Contacté par Radio-Canada, le Collège des médecins du Québec dit être attentif à la situation décrite dans ce reportage.

Une rencontre a été convoquée dans les prochaines semaines avec les collaborateurs au rapport du Collège afin de mesurer, un an plus tard, la mise en place des recommandations, nous répond-il. En lien avec notre mission de protection du public, nous voulons nous assurer de l’accessibilité aux soins prévus dans les quatre centres d’excellence et de la formation appropriée des médecins.

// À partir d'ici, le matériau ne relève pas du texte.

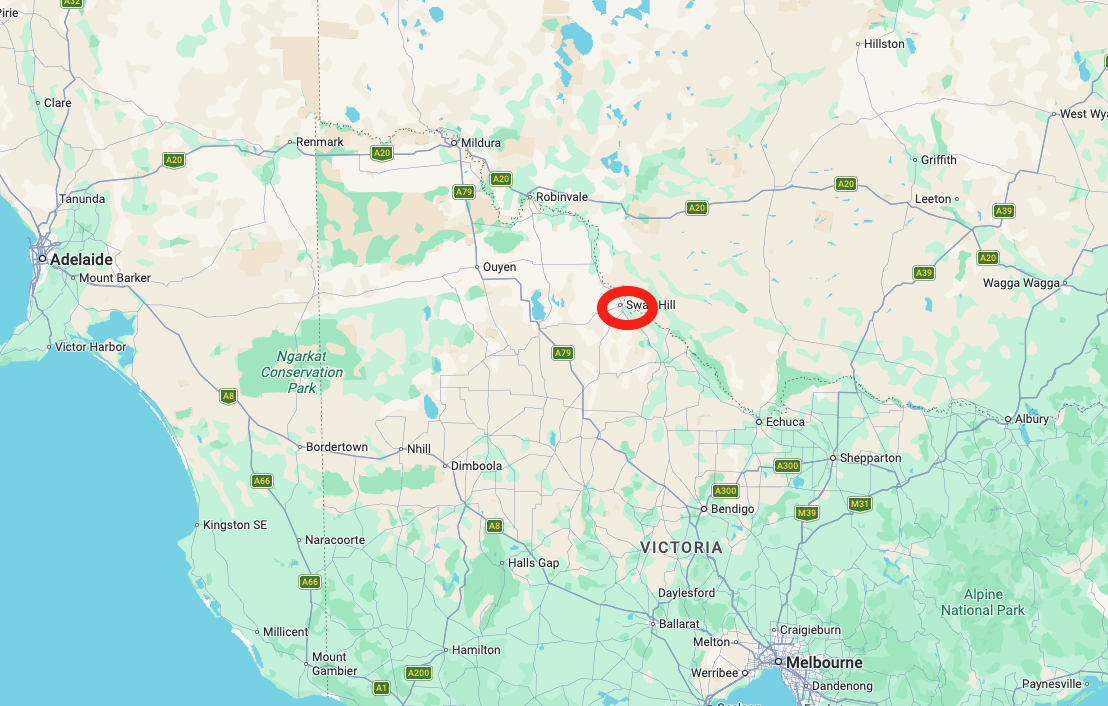 Above: Map showing the location of Swan Hill. Map c/o Google Maps
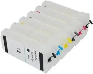 6 Colors Refillable Ink Cartridge with Chip Works with 72 for DesignJet T610 T770 T790 T1100 T1120 T1200 T1300 T2300 Printer Models

Les bandelettes sous-urétrales sont des dispositifs médicaux qu’on implante aux femmes pour traiter l’incontinence urinaire, un problème qui touche une femme sur trois à des degrés divers après 40 ans. Selon le Collège des médecins, environ 10 % des femmes éprouveraient des effets indésirables en raison de ces bandelettes.

Le problème, c’est qu’elles n’ont pas été conçues pour être enlevées et que la chirurgie de retrait complet, dit radical, peut provoquer des dommages irréversibles.

Un moratoire sur les poses des bandelettes problématiques, de type TOT ou TVT-O, a été mis en place en 2019 au Québec.